*** MATERIAL FOR THE TASK Section Begins ***

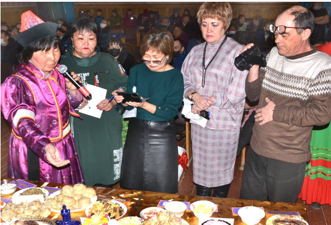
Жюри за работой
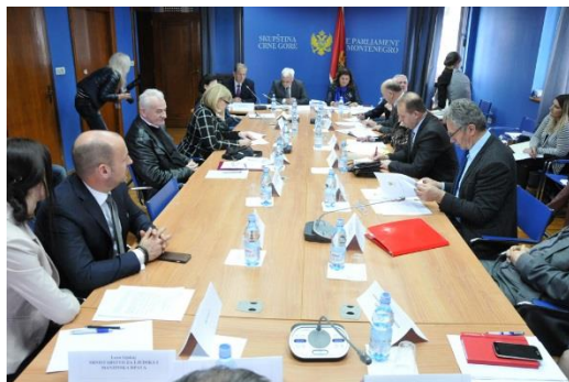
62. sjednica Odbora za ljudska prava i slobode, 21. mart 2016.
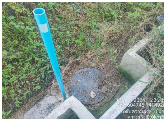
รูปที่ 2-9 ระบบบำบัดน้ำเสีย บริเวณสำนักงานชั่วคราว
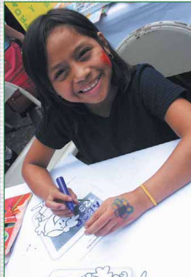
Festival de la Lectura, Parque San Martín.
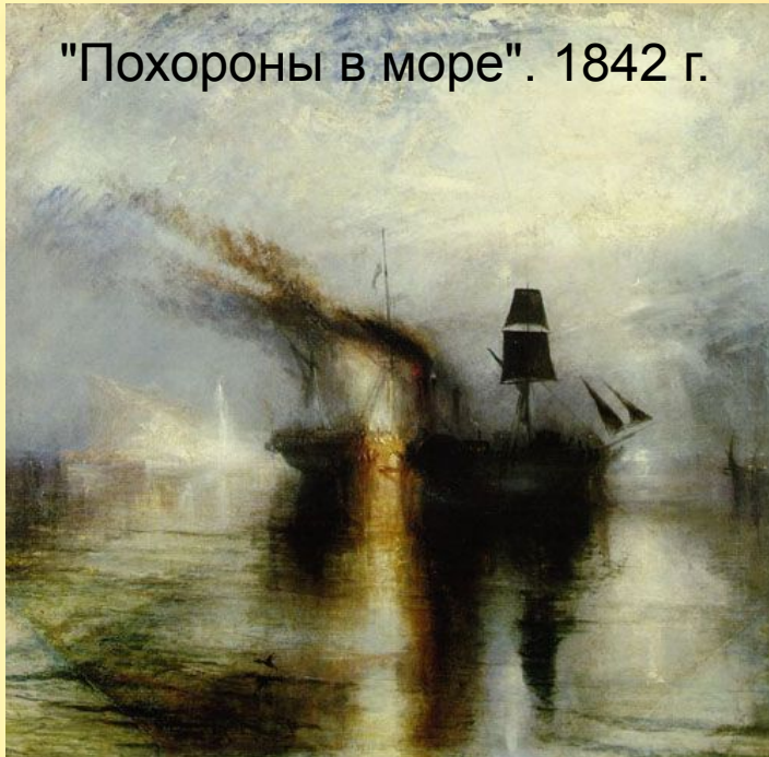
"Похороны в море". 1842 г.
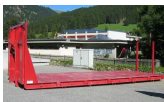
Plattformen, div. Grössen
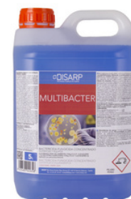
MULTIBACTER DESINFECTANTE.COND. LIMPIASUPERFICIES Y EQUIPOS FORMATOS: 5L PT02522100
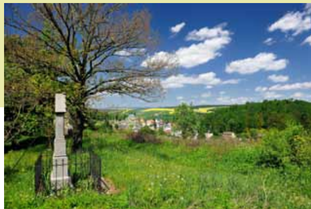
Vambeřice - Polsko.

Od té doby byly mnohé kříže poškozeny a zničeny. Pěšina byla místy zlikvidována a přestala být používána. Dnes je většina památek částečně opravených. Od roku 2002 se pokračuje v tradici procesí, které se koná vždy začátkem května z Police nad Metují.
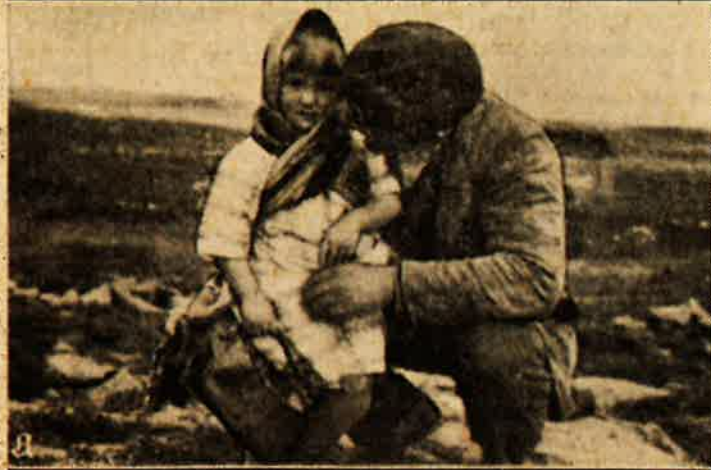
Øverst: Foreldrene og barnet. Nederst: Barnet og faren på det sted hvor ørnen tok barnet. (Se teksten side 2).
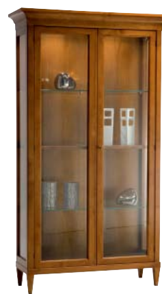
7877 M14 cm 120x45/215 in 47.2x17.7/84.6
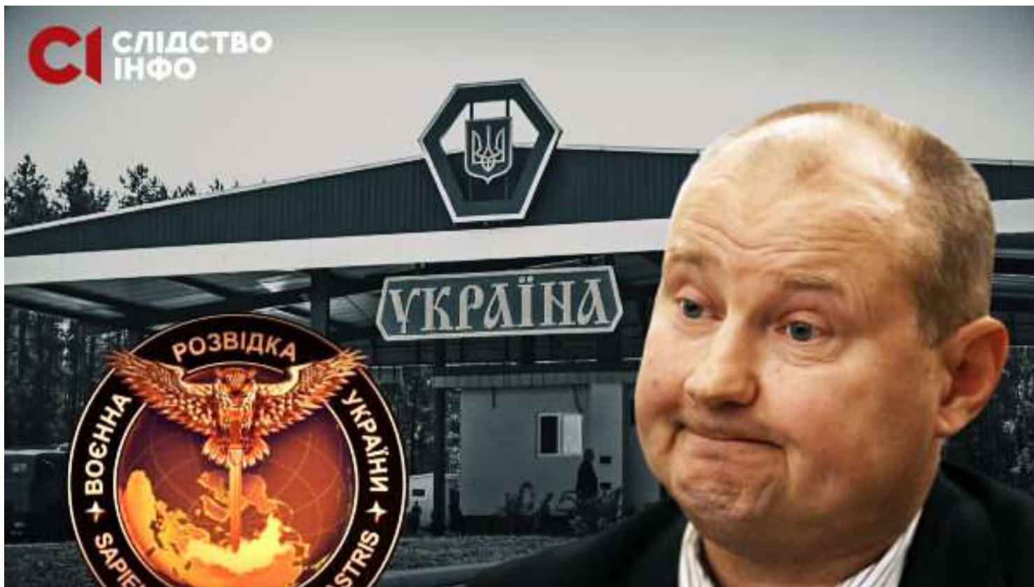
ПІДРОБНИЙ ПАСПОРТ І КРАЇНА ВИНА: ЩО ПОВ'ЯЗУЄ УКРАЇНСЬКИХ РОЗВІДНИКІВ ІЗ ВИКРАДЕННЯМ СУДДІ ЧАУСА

*** MATERIAL FOR THE TASK Section Ends ***
*** MATERIAL FOR THE TASK Section Begins ***

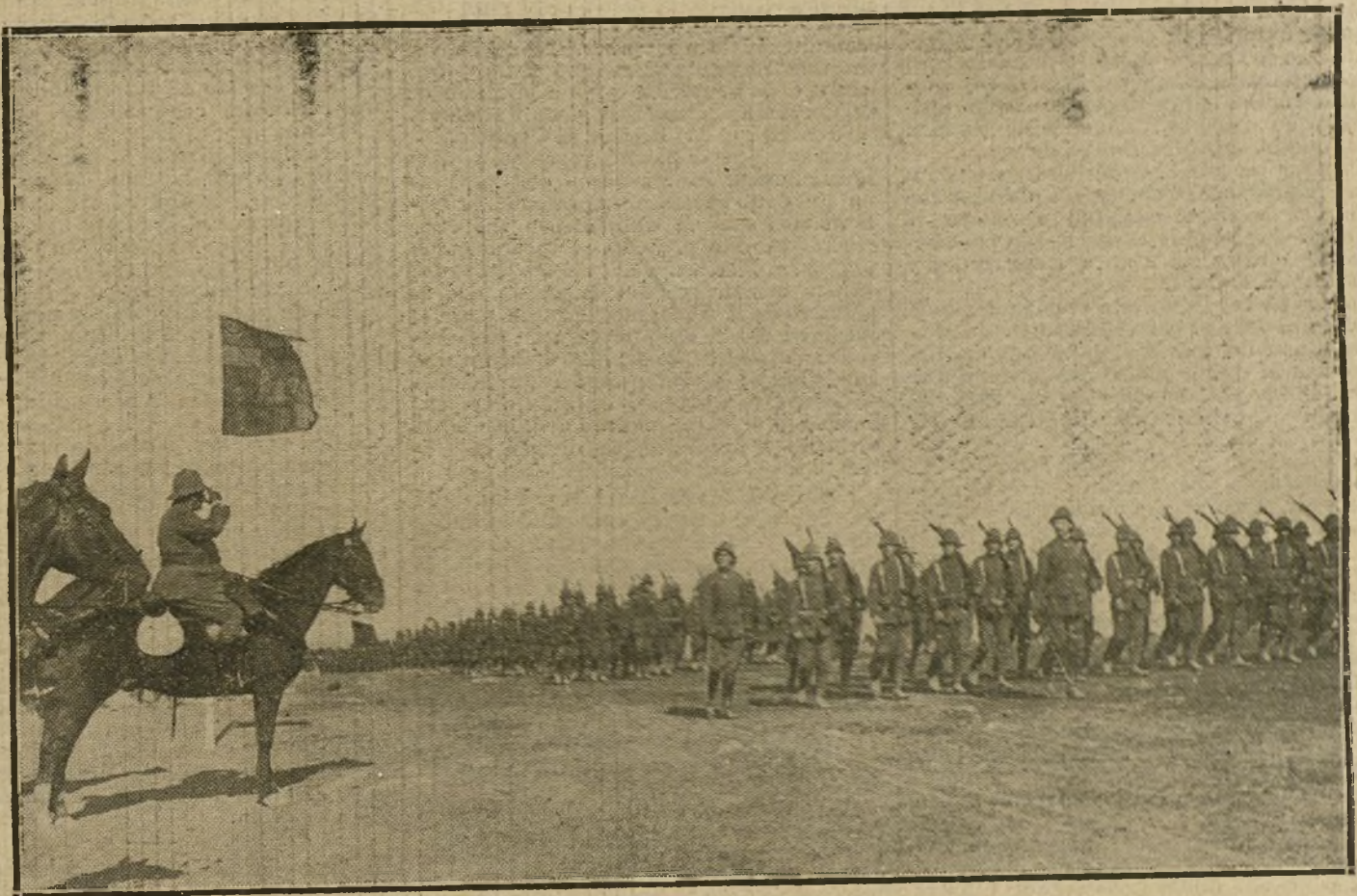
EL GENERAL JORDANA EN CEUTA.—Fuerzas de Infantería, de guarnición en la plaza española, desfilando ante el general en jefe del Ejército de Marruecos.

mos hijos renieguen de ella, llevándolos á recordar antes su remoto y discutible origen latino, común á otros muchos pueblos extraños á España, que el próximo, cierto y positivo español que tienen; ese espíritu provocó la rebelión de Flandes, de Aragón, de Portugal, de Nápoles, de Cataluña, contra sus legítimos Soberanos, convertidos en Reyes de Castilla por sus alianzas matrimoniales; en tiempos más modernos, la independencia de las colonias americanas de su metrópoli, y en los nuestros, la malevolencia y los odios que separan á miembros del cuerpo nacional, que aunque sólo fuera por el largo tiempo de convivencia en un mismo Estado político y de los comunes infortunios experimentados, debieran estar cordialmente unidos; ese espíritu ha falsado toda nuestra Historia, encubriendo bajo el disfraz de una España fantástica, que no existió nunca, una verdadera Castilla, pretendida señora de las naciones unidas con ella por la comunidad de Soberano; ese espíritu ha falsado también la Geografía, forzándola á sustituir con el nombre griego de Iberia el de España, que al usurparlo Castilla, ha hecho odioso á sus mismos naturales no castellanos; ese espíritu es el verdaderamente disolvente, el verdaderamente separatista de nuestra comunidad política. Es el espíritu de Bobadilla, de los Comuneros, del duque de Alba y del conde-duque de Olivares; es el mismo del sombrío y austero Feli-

*** MATERIAL FOR THE TASK Section Ends ***
*** MATERIAL FOR THE TASK Section Begins ***

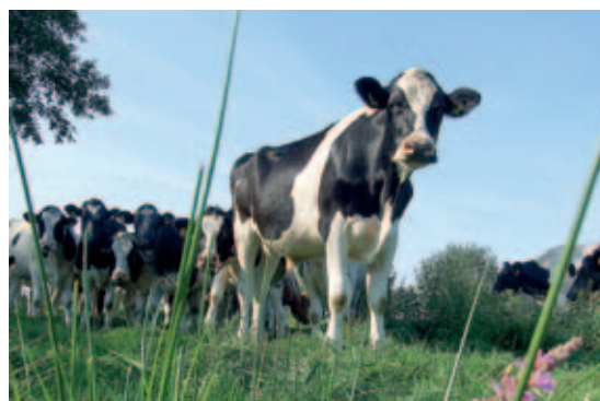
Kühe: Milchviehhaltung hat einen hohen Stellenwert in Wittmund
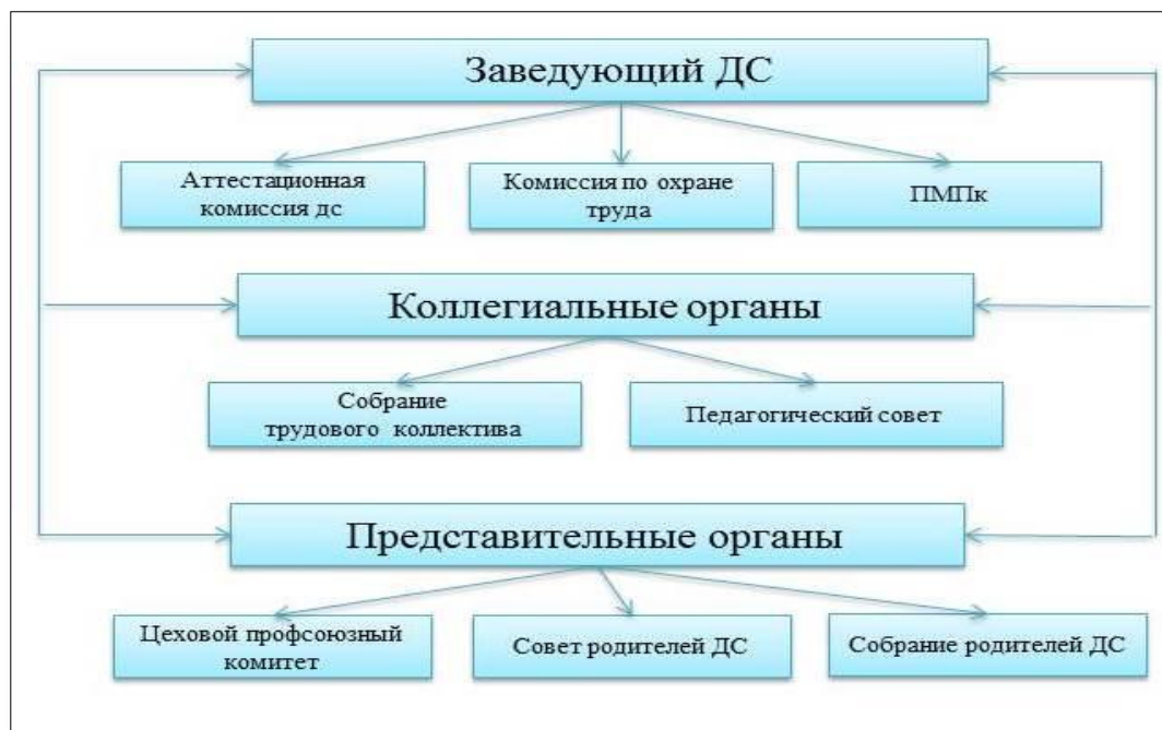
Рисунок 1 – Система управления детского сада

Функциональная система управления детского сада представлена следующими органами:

*** MATERIAL FOR THE TASK Section Ends ***

- **YOUR TASK**
A single number is required: the count of lines in the data above that include the word "управления".

- **WRITTEN ANSWER**
2